Белая лама с бархатистым розовым бантиком блаженно и тупо смотрела на Хосе. Волк, Лев (хранители), Нильская корова — хочется продолжить: Анубис — все так или иначе выражали рай на своих мордах. Земной рай, золотой век, обещанное слияние духа и материи — зовите это как хотите — сопровождалось тихонечко пением. Но когда речь зашла (пение зашло) о «благословенных фруктах», голос стал золотиться тембром, наливаться соком — и зазвучал… И снова, как в яслях, взирали животные кротко подстриженными глазами на чудо, открывшееся им первым. «Тенор! Ко мне вернулся мой знаменитый тенор!» — Тут Хосе Гранадос схватил верхнее cis, которое в восторге забило из скважины, как маслянистое золото, и било этаким Марио Ланцой, сколько хватало воздуха в легких. «Вот, — сказал он, переводя дыхание. — Вернулся… этот праздник… со слезами на глазах…» («Солдат домой с войны пришел, а дома нет — проехал танк».)

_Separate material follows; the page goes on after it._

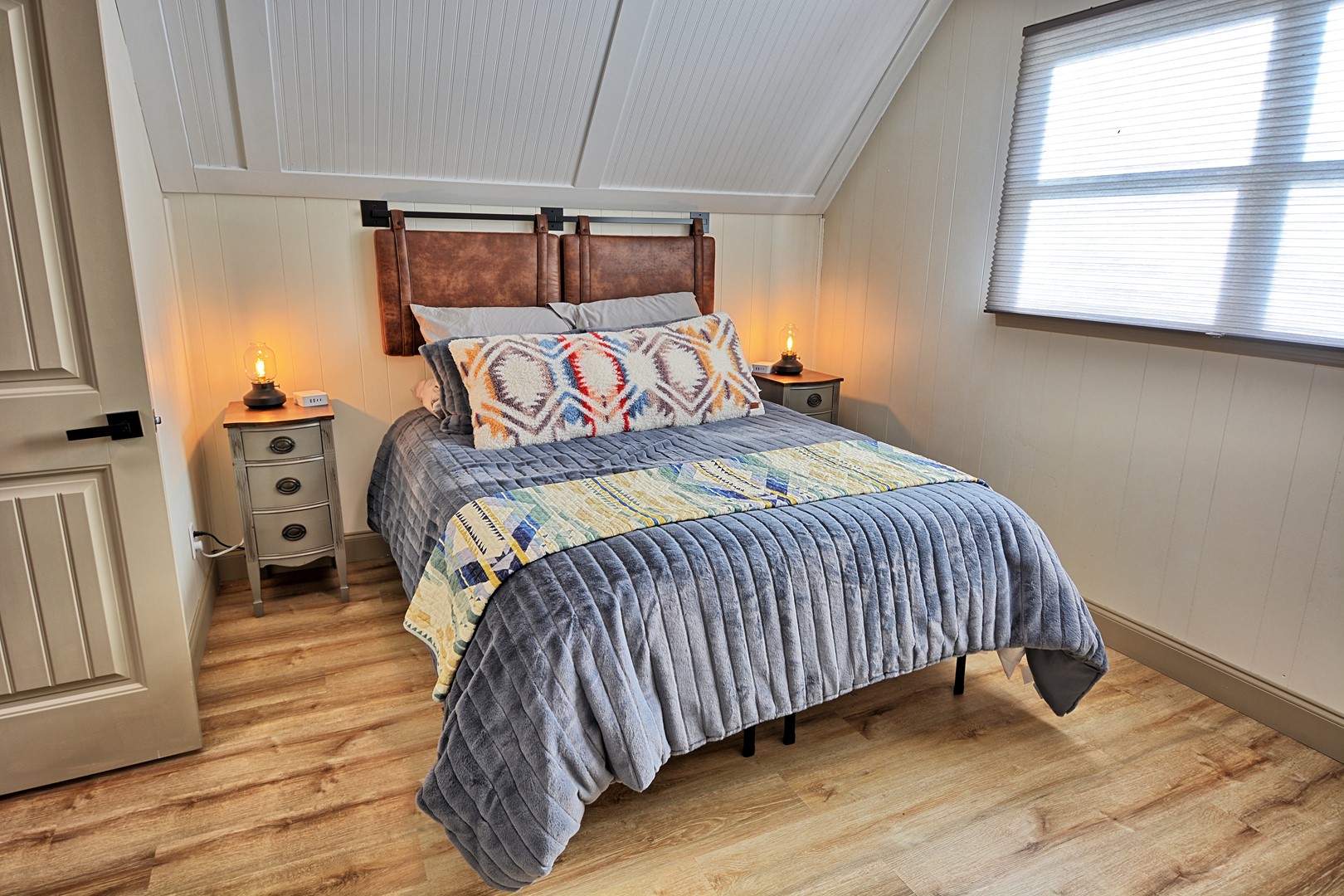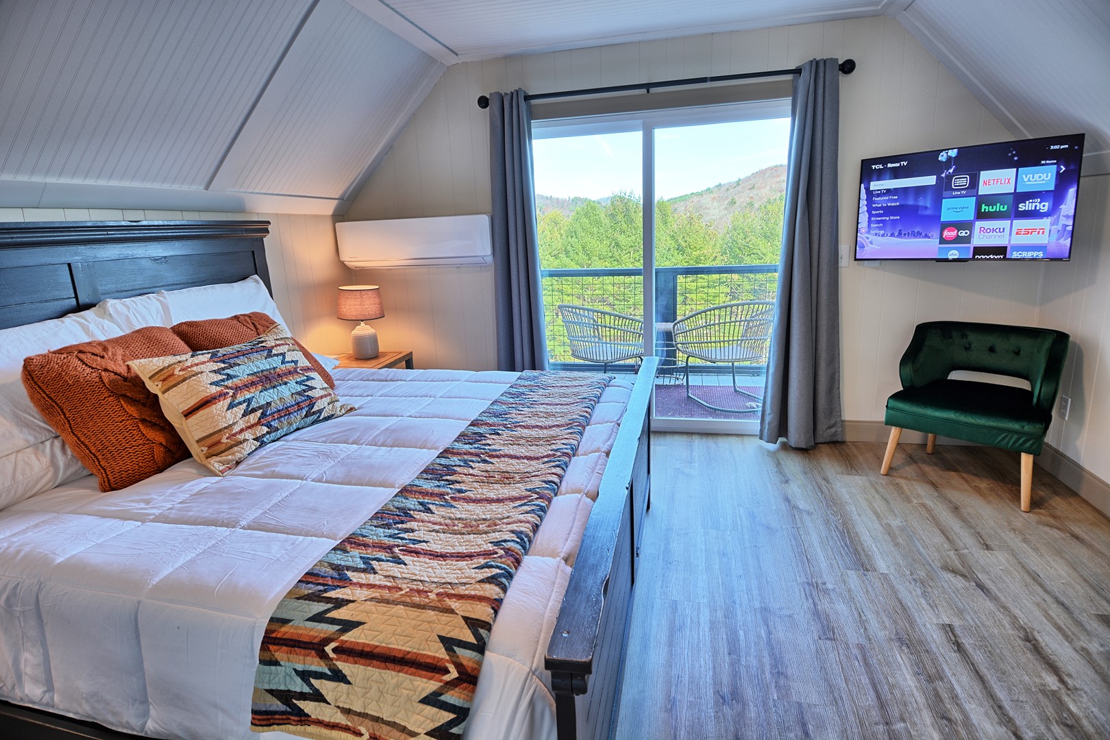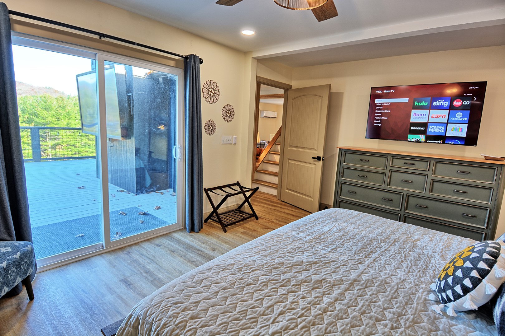 Upper Floor: There are 2 bedrooms on the upper floor. One bedroom boasts a king size bed with doors to a private deck with seating, Roku TV and mini-split with heat/AC.

В пиршественной зале стояло буйное веселье. Наевшись и напившись, народ не хотел расходиться. Каждый был, как жених во дворце Улисса. Солист оркестра Кудеяр, первая скрипка у Кабальеровича, желая показать, что в безумствах смелых не знает себе равных, взял смычок работы Турта и вложил в него коллекционный Гварнери, чтобы выстрелить им и посмотреть, куда упадет «стрела». «Тугой, стерва!» — «Смотри, смычок не сломай», — кричали ему, а Чезаре Беллиа, обращаясь по обыкновению к поедаемому им желе, заметил: «Турт дешевле Гварнери, лучше пусть смычок ломает, не правда ли, дружок?» Инесе вздумалось пожалеть Бараббаса, сидевшего с бокалом морской воды. «Может быть, капитан, у вас растет зуб мудрости?» — «Или соляной столб», — предположил птицелов из Трувиля, смерив подлетевшего Ларрея взглядом, каким истинный француз никогда не посмотрел бы на соотечественника — при иностранцах. Осознав это, Ларрей принялся искать глазами помощника капитана — не терпелось поделиться с ним своими подозрениями. Какое! Дроленька наш сторожил теперь пост «нумеро эйнц». Австрийского экспрессионизма.